Objective Speech Intelligibility Measures for Forensic Applications
Giovanni Costantini1,2, Andrea Paoloni3, Massimiliano Todisco1,3
1 Department of Electronic Engineering, University of Rome “Tor Vergata”, Rome, Italy
2 IDASC Institute of Acoustics and Sensors “Orso Mario Corbino”, Rome, Italy
3 Fondazione “Ugo Bordoni”, Rome, Italy
Intelligibility of speech refers to the amount of speech items that a normal listener can understand. More specifically the standard ISO 9921 defines intelligibility as “the measurement of effectiveness in understanding speech.” Intelligibility can be assessed at sentence level, at word level, and for each phoneme. Intelligibility plays a key role in communications; indeed, ensuring full intelligibility is the main purpose of any communication channel or any recording system.

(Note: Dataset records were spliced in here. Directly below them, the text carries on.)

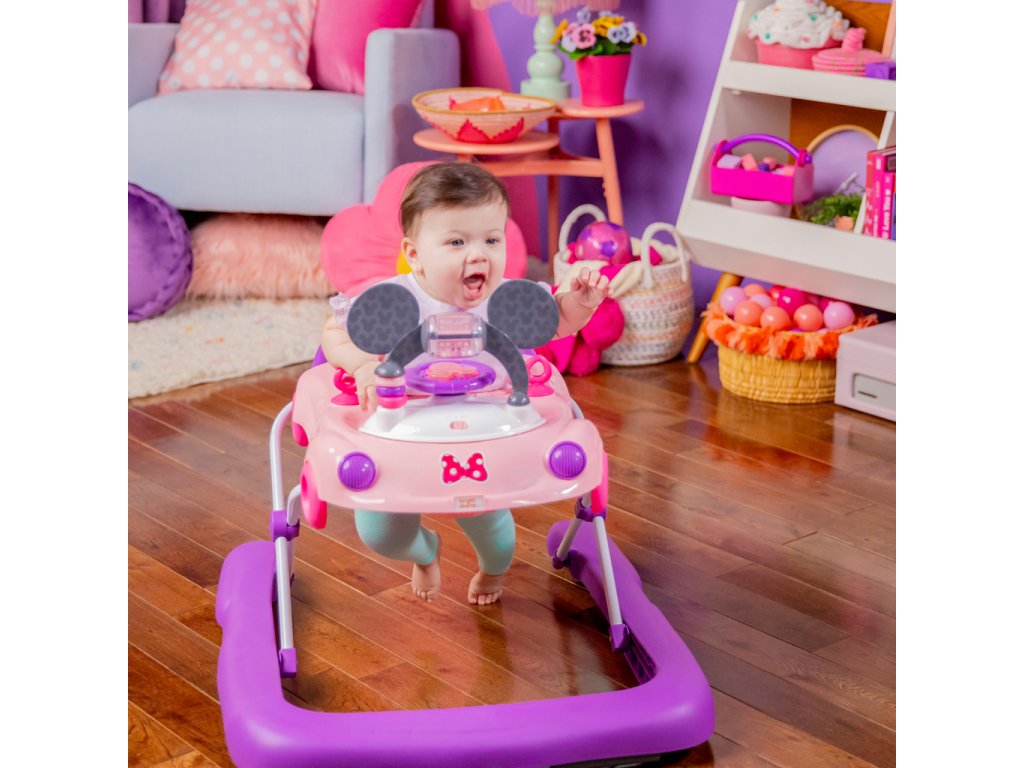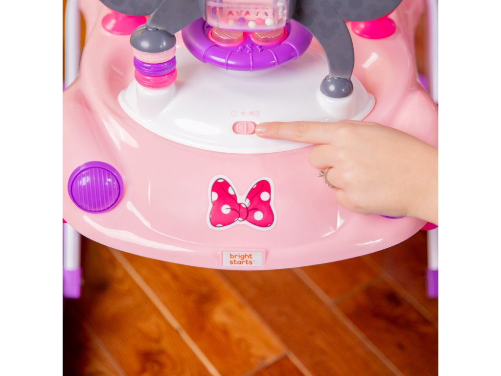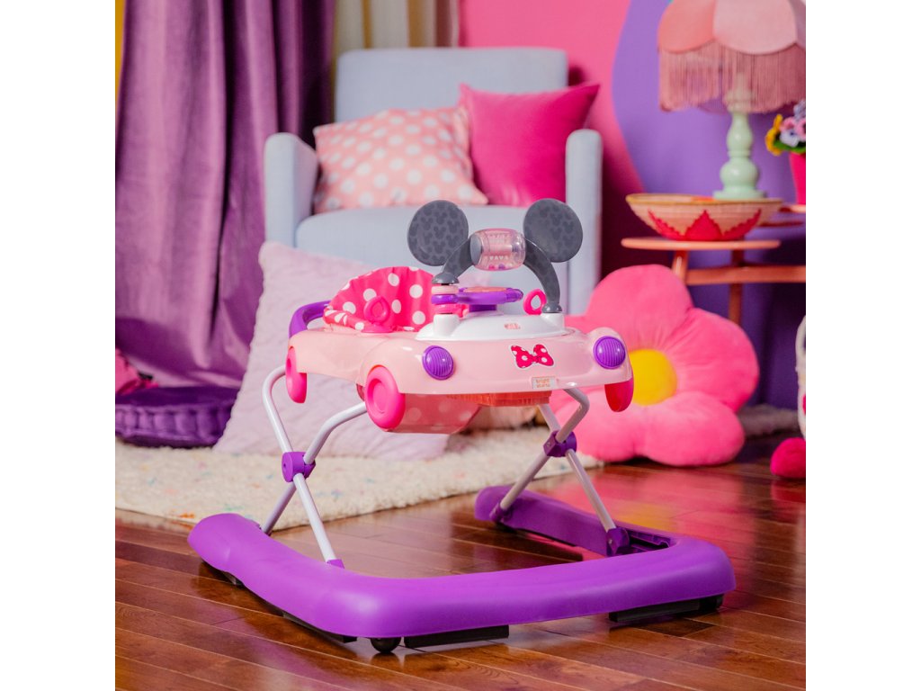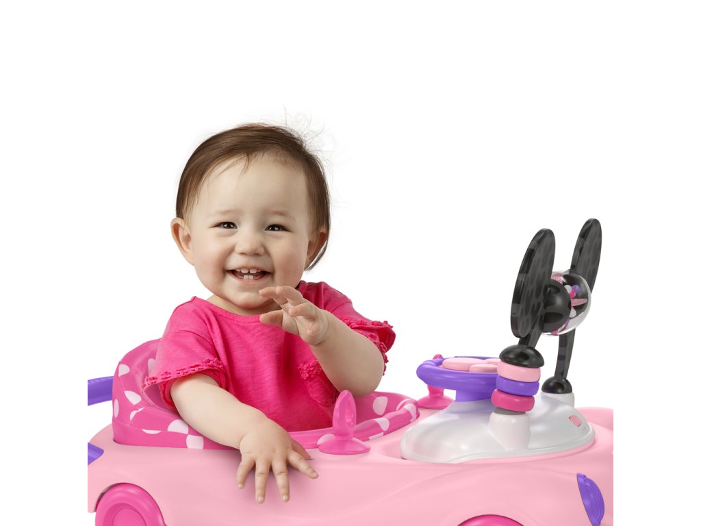 Chodítko poháňané technológiou Bright Starts ponúka 3 režimy rastu s bábätkom: chodítko v sede, chodítko a prenosnú stanicu s elektronickými hračkami. Vydajte sa na jazdu s dieťaťom vo veku od 6 mesiacov do 2 rokov alebo viac — chodítko rastie s dieťatkom od skorého objavovania a prvé krôčiky až po expertnú úroveň „vodiča“. Doplnené o detaily myšky Minnie: ikonické uši na volante, ružové bodky, charakteristický znak Minnie a hračky s motívom Minnie so svetlami a zvukmi.
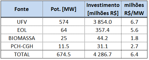 Os Investimentos estimados são da ordem de 4.3 bilhões, distribuído pelas fontes conforme a tabela.
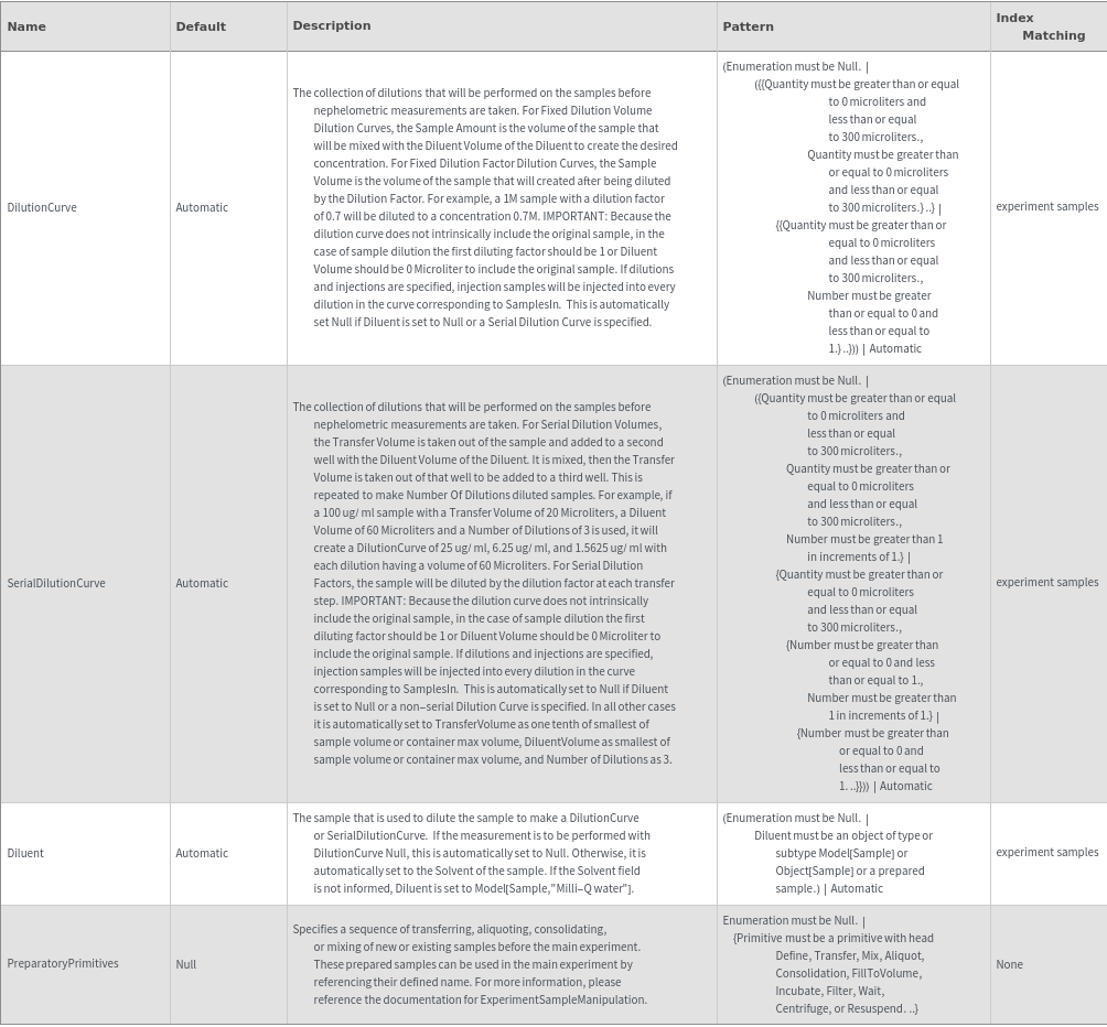 checks whether the provided samples and specified options are valid for calling ExperimentNephelometry.

In forensic applications it is crucial that the meaning of sentences and mentioned names reflect those actually uttered by the speakers rather than the views of the transcribers. In many cases, however, there are harsh contrasts between the prosecutor and the defender about the transcription of difficult material: a well known example of contrast originated from a famous wiretap, where a word could be transcribed as “sbancato” [zbanka’to], meaning ‘depleted of all money’ in a game or in a business or “ sbiancato” [zbjanka’to], meaning a mere ‘whitened’. To assess the reliability of a transcript it would be useful to have a measure of the intelligibility of the signal to be transcribed. Unfortunately, no subjective measurement can be used in forensic applications, because the content of the message is not known in advance, and therefore it is impossible to determine the percentage of words that have been accurately transcribed. The only way to assess the intelligibility in forensic applications is to set up a system based on acoustic parameters which is able to predict the intelligibility of the measured signal. Such a system in the forensic field would be also very useful for evaluating the performance of speech enhancement systems, and more generally, would be very useful in many other fields to avoid the high cost of the subjective evaluation of signal intelligibility.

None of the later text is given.